• _Exercise_
Give back an exact copy of the lines in the records below, from the line that has "榮獲第三屆中國(guó)藝術" through the line that has "Loewe Puzzle Mini", and nothing besides.
BEGIN Provided information
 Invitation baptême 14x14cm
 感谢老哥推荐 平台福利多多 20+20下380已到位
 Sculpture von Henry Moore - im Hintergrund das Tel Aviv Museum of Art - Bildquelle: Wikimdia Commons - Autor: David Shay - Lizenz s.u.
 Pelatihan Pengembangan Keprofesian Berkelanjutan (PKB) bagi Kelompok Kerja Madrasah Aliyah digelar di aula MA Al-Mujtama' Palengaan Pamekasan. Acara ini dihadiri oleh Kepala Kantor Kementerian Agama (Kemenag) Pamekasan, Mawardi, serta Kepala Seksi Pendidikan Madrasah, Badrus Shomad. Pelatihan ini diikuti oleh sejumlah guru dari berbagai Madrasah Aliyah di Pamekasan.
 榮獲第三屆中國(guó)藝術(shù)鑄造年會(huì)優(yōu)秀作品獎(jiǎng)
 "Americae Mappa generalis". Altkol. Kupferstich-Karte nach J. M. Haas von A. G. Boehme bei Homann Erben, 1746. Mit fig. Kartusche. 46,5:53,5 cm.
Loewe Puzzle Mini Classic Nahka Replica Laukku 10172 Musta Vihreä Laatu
END Provided information
BEGIN Provided information
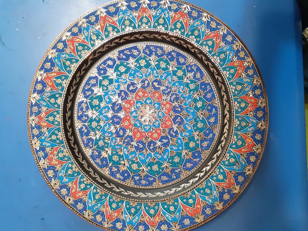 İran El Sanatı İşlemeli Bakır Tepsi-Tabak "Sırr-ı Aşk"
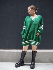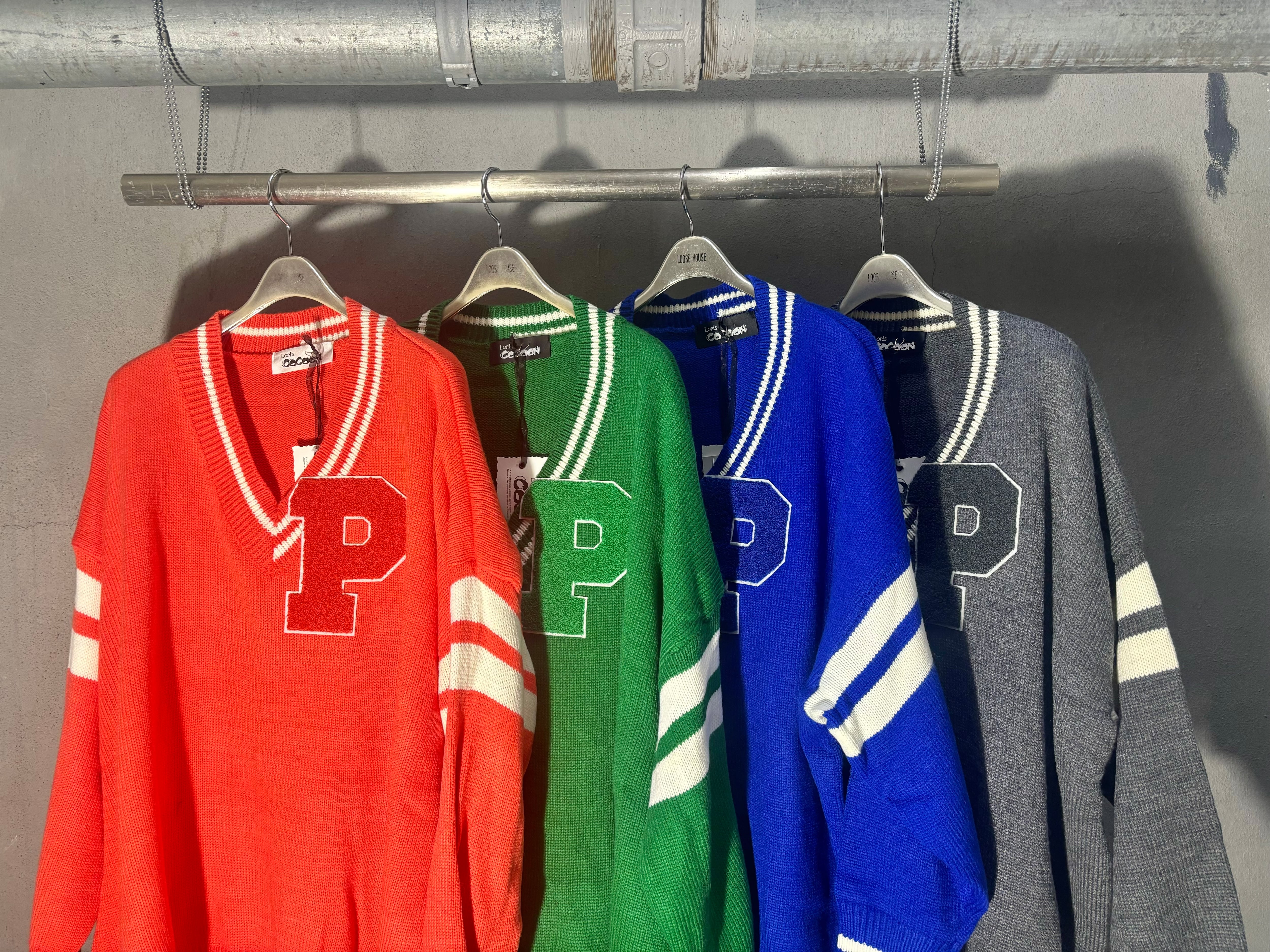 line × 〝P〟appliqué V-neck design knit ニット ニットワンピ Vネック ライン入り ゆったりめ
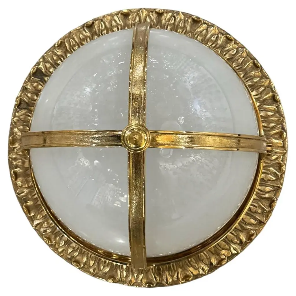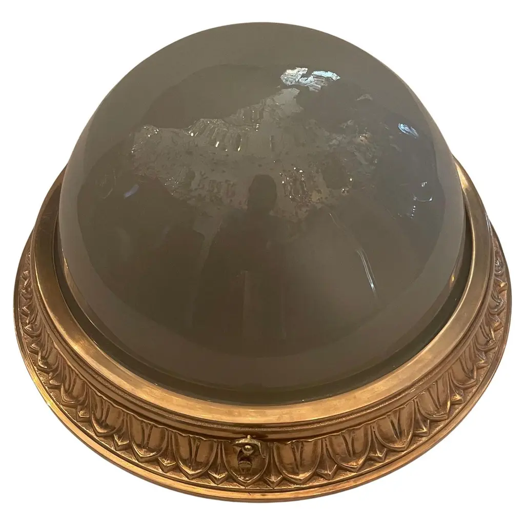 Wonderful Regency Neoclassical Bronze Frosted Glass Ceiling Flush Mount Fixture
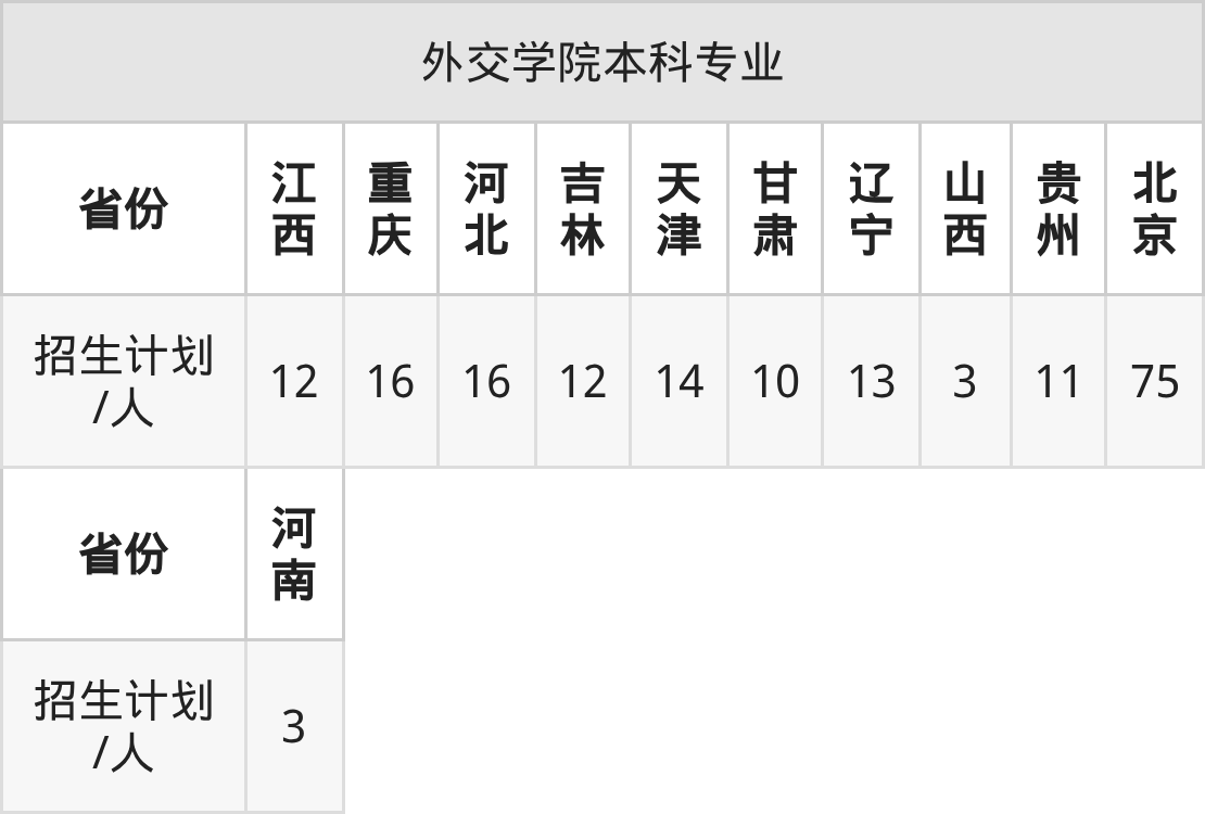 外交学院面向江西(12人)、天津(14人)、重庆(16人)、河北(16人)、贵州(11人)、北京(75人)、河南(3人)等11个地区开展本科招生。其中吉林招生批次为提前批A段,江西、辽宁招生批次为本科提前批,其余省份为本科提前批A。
END Provided information
• _Reply_
 榮獲第三屆中國(guó)藝術(shù)鑄造年會(huì)優(yōu)秀作品獎(jiǎng)
 "Americae Mappa generalis". Altkol. Kupferstich-Karte nach J. M. Haas von A. G. Boehme bei Homann Erben, 1746. Mit fig. Kartusche. 46,5:53,5 cm.
Loewe Puzzle Mini Classic Nahka Replica Laukku 10172 Musta Vihreä Laatu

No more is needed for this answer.